“Did you find anything?”
“They’re staying at the Silver Eel Inn.” Even though my eyes have adjusted to the forest’s canopy of darkness, when he moves back, it’s hard to see him clearly.
“What are they doing? When are they leaving?”
“I overheard mention of an ambush a few days ago. Half a troop of Shaerdanian men were slaughtered. From what I gathered, the chief judge and inner court have issued a call to all soldiers to report to their patrols. Since Omar is posing as a soldier, he won’t be able to sit still at the Silver Eel for long. Not without drawing suspicion.”
“But we don’t know how long they’ll risk staying in town. Surely they’re counting on the bounty to entice someone to talk.” At the thought of Captain Omar finding us again, my back itches, remembering the bite of the whip. “You really think they’ll be pressured into leaving?”
“I do.”
“You thought we were safe in Padrin,” I tell him.
He blows out a breath. “I thought we could trust Kendrick. Though I don’t fault him for what he did. He was thinking of his family. I cannot say I wouldn’t be tempted to do the same if I believed it was the only option. I suppose then you’re right to worry; the right incentive can turn any man into a liar.”
I think of my motivation in agreeing to hunt down Cohen and turn him over to the guards. And shame sneaks up on me at the thought. Motivation is a dangerous tool.
“Where should we camp?” I ask, needing a change of subject.”
I glance up to where the trees have parted way to the stars and draw in a steadying breath. I haven’t been alone with him since the kiss by the well, and I’m not sure how to broach the subject of what happened between us, so I gesture for him to lead the way.
We hike farther into the woods, where Siron meets us. I nearly jump when he passes; he’s an ink blot on black parchment. We travel until we can safely light a small campfire and no one will see it from the road.
The forest floor is thick with soft ferns that will make a good bed pad.
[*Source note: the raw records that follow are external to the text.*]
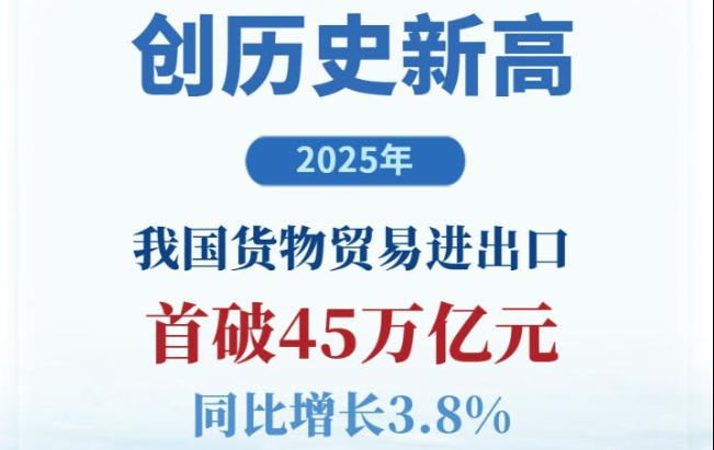 2025年我国货物贸易进出口突破45万亿元 连续9年保持增长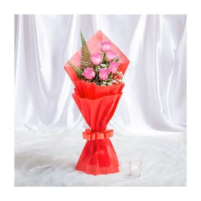6 Blooming Pink Rose Flower Bouquet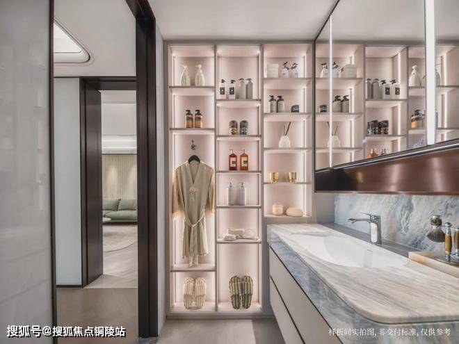 卫生间镜柜配备美妆冰箱、倒置抽纸等等定制分隔。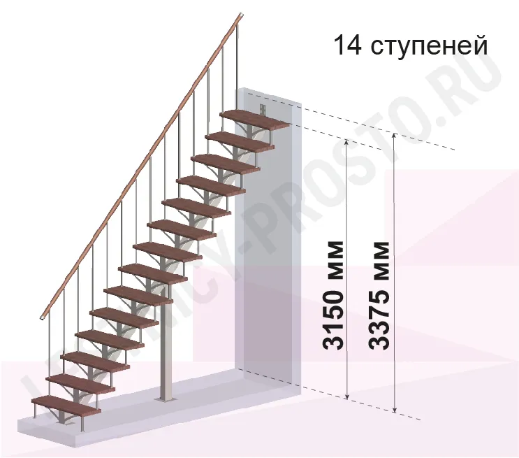 Лестница PROSTO MONO прямая, h337.5 см, ступени лиственница

While I’m flattening some ferns for myself, Cohen drops down next to me and works on his own spot. After he’s done, he pulls a small loaf of bread from his satchel, breaks it into pieces, and hands one to me.
As we eat, the silence grows barbs and claws, scratching away the easiness between us. It makes me long for the time when we used to be able to sit together in comfortable quietness.
“Britt.” The soft sound of my name on his lips brings goose bumps to my flesh. “About last night . . .”
I open my mouth. Close it. Open it, ready to give him an excuse for why it happened, but change my mind because, regardless of what I thought earlier, I very much want it to happen again.
“I shouldn’t have kissed you.”
Oh.
Never have I been more grateful for the darkness and shadows that cover us, for it cloaks the humiliation burning across my face. It masks the swift pain that burns in my eyes. I press my lips together.
I shouldn’t have kissed you. His words sweep any notions I might’ve had about him, or us, and push them to the furthest, unreachable corner of my mind.
Foolish, foolish heart.
“I’m glad you said something,” I say lightly, hoping to sound relieved, and praying he cannot hear the strain in my act. “I don’t even know what I was thinking. It was an exhausting day, and I wasn’t of sound mind.”
“Right.” He doesn’t say anything for a long moment.
“Yeah, I’m glad we talked too,” he finally adds. His confirmation cracks my chest and makes me feel like I’m shattering into a million misguided pieces.
Chapter
25
THE NEXT MORNING I’M WARM AND BLISSFULLY comfortable until I peel my eyes open and find myself curled into Cohen. Inwardly, I groan, frustrated to find us so close again and angered because his embrace feels so good. Boil him!
I remain still, working out a way to extract myself with minimal humiliation as dawn crawls across the forest floor, grayish light slipping between the shadows of the trees.
Cohen stirs. Yawns, but doesn’t wake.
Slowly, I shift out of his hold until I’m an arm span away. A breath sifts between his lips. I study the thick lashes on his cheek to check that he’s still asleep, and then I turn away, unable to suffer the sight of him because it slams me with a slicing dose of rejection.